*** ENTRIES SUPPLIED

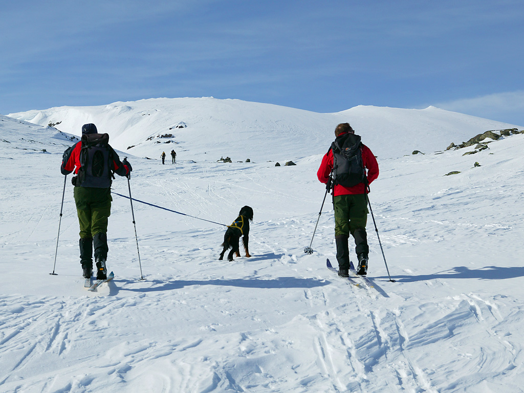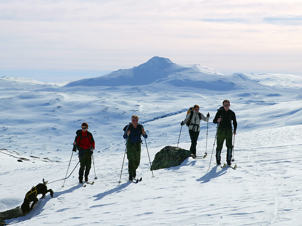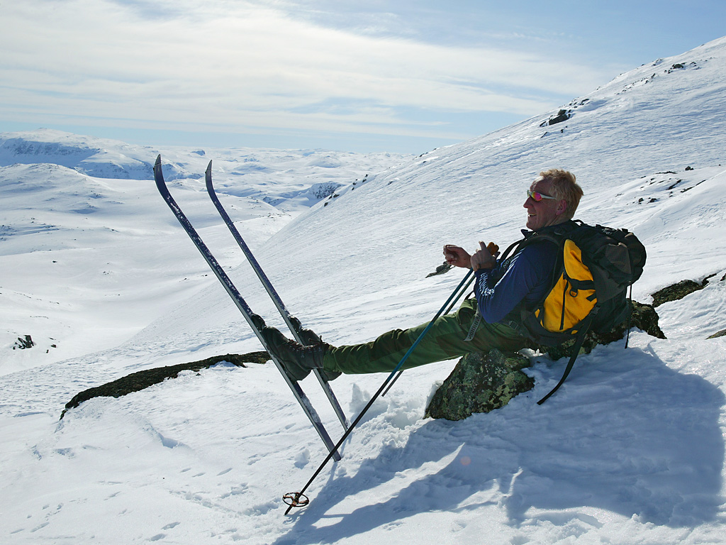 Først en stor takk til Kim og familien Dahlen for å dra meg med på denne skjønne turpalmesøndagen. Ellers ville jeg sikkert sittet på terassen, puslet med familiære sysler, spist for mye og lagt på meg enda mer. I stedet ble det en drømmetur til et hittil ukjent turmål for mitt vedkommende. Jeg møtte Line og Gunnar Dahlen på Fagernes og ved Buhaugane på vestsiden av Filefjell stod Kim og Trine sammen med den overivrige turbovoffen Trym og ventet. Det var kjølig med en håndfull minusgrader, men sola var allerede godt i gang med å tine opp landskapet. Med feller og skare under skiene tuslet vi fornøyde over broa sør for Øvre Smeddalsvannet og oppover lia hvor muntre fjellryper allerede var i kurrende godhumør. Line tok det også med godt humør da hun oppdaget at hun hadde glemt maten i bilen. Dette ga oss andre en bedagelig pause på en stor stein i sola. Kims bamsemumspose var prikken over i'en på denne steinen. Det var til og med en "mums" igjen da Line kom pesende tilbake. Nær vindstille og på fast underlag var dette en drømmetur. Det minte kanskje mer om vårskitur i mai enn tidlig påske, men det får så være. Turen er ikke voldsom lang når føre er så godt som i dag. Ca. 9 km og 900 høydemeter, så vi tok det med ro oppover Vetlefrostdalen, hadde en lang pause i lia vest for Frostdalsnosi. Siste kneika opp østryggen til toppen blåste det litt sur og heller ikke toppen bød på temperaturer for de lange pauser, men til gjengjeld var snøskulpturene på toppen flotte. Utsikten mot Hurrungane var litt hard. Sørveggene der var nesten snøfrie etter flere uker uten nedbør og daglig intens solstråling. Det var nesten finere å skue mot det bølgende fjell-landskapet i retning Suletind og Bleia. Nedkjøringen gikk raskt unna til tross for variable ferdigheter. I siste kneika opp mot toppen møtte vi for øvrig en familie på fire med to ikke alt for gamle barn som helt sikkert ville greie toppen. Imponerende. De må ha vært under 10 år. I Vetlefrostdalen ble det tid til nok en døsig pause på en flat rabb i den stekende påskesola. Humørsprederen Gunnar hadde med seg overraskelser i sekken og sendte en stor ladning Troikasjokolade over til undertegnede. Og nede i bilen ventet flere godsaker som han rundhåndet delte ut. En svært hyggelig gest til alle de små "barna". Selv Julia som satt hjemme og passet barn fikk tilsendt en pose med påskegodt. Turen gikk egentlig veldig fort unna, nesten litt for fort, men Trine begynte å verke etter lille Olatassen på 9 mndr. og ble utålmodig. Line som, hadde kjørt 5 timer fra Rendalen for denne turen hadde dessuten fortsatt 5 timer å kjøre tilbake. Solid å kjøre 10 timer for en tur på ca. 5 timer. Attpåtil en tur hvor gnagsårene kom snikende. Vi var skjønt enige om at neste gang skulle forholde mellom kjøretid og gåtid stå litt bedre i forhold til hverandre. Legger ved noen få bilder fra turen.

******
*** ENTRIES SUPPLIED

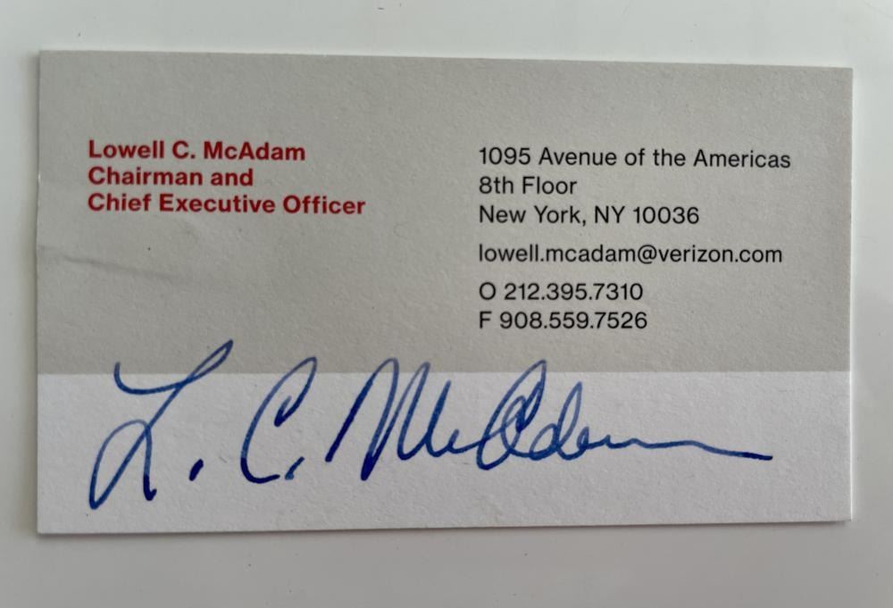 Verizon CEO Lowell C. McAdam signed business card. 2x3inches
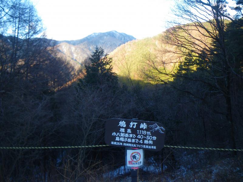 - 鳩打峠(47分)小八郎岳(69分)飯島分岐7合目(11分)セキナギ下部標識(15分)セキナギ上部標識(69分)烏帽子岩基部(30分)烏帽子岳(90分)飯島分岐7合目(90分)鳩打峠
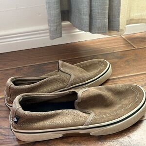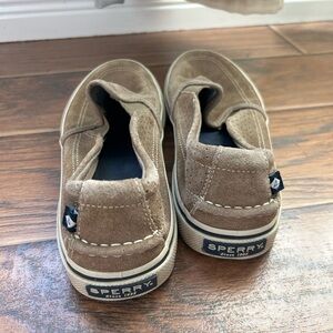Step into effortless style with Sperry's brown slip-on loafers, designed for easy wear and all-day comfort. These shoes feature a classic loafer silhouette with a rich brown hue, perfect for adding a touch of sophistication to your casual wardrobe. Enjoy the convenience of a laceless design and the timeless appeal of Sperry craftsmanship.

******

* **PROBLEM**: Although the records hold pictures, the copy must not; give again exactly the lines from the one with "Verizon CEO Lowell" through the one with "- 鳩打峠(47分)小八郎岳".

* **ANSWER TO THIS PROBLEM**:
 Verizon CEO Lowell C. McAdam signed business card. 2x3inches
 - 鳩打峠(47分)小八郎岳(69分)飯島分岐7合目(11分)セキナギ下部標識(15分)セキナギ上部標識(69分)烏帽子岩基部(30分)烏帽子岳(90分)飯島分岐7合目(90分)鳩打峠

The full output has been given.